* [REQUIRED ACTION]: Beneath this line are entries. Copy the range from the line with "Długopis 849 wykonamy" to the line with "本实用新型公开了一种DM废料", ends included, exactly; leave pictures out.

* [DATA TO USE]:
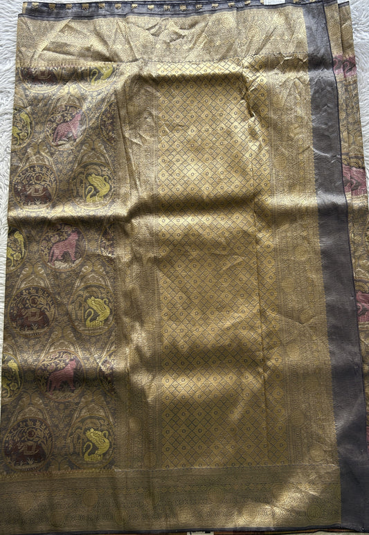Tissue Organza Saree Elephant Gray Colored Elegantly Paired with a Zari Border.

==

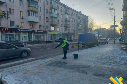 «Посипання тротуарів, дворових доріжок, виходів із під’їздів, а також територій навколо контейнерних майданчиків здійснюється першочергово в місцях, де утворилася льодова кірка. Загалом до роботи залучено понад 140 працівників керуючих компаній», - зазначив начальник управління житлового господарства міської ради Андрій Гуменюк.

--

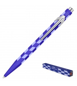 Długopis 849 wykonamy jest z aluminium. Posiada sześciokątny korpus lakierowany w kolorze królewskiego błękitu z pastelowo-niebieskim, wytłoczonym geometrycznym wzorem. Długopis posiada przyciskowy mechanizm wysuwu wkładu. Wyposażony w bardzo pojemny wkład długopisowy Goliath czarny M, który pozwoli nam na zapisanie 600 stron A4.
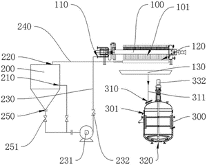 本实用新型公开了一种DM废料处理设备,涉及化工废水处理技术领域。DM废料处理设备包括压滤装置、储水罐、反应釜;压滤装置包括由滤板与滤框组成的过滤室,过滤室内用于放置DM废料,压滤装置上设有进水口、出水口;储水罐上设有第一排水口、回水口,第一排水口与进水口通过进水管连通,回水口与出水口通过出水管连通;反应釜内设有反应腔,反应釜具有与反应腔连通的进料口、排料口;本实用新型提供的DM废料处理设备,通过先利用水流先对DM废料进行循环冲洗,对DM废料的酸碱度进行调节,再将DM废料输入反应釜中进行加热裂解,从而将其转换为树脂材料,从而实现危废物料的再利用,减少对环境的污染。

* [SOLUTION FOR THIS EXERCISE]:
 Długopis 849 wykonamy jest z aluminium. Posiada sześciokątny korpus lakierowany w kolorze królewskiego błękitu z pastelowo-niebieskim, wytłoczonym geometrycznym wzorem. Długopis posiada przyciskowy mechanizm wysuwu wkładu. Wyposażony w bardzo pojemny wkład długopisowy Goliath czarny M, który pozwoli nam na zapisanie 600 stron A4.
 本实用新型公开了一种DM废料处理设备,涉及化工废水处理技术领域。DM废料处理设备包括压滤装置、储水罐、反应釜;压滤装置包括由滤板与滤框组成的过滤室,过滤室内用于放置DM废料,压滤装置上设有进水口、出水口;储水罐上设有第一排水口、回水口,第一排水口与进水口通过进水管连通,回水口与出水口通过出水管连通;反应釜内设有反应腔,反应釜具有与反应腔连通的进料口、排料口;本实用新型提供的DM废料处理设备,通过先利用水流先对DM废料进行循环冲洗,对DM废料的酸碱度进行调节,再将DM废料输入反应釜中进行加热裂解,从而将其转换为树脂材料,从而实现危废物料的再利用,减少对环境的污染。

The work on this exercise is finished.